Top of Source data

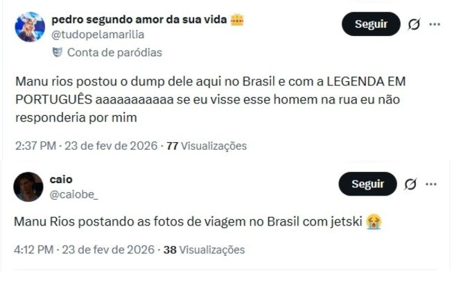 Comentários no X (antigo Twitter) sobre a passagem de Manu Ríos no BrasilReprodução/X
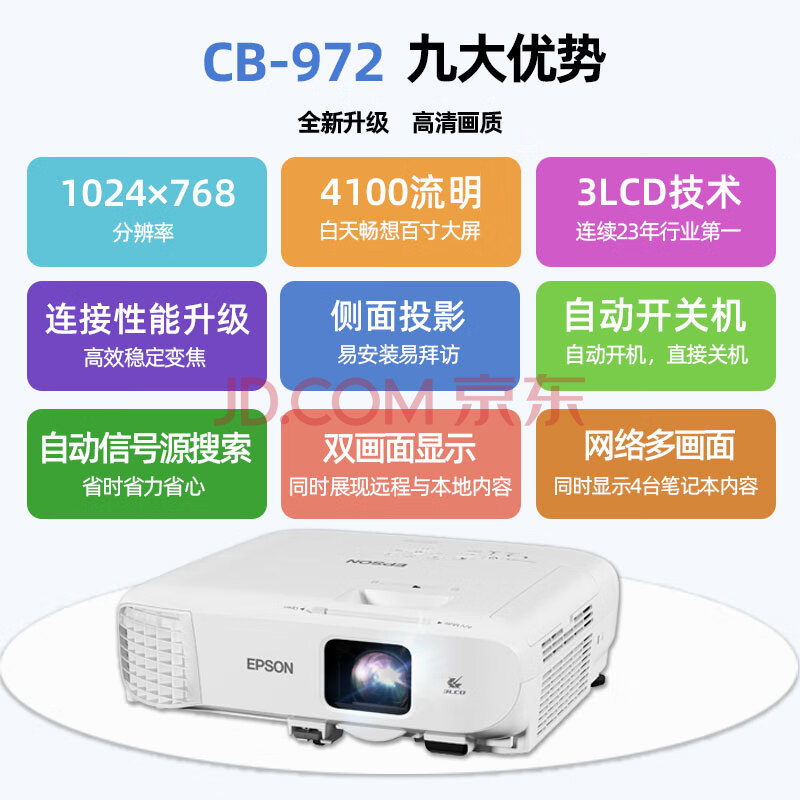 商品相册:爱普生(EPSON)CB-972 投影仪 投影机 商用 办公 会议 (4100流明 标清 双HDMI接口 支持侧面投影 )第
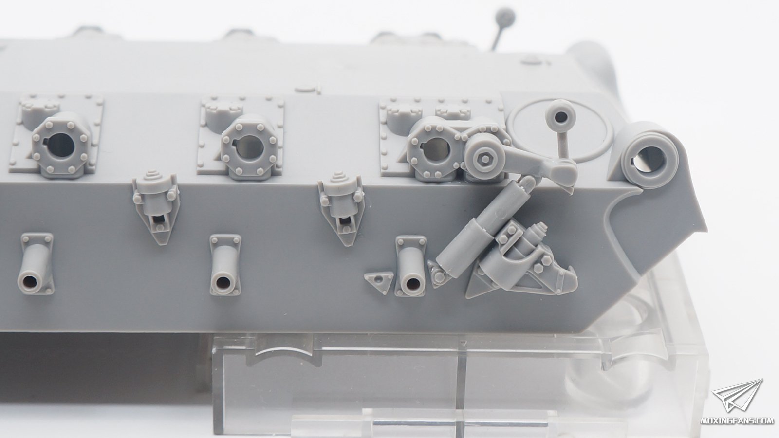整体悬挂部分就制作完毕,零件细节还是很锐利的,铆钉细节突出。

Bottom of Source data

■ **What is required**: Each line of the data above needs to be retyped as it is, without any picture.

■ **Final answer**:
 Comentários no X (antigo Twitter) sobre a passagem de Manu Ríos no BrasilReprodução/X
 商品相册:爱普生(EPSON)CB-972 投影仪 投影机 商用 办公 会议 (4100流明 标清 双HDMI接口 支持侧面投影 )第
整体悬挂部分就制作完毕,零件细节还是很锐利的,铆钉细节突出。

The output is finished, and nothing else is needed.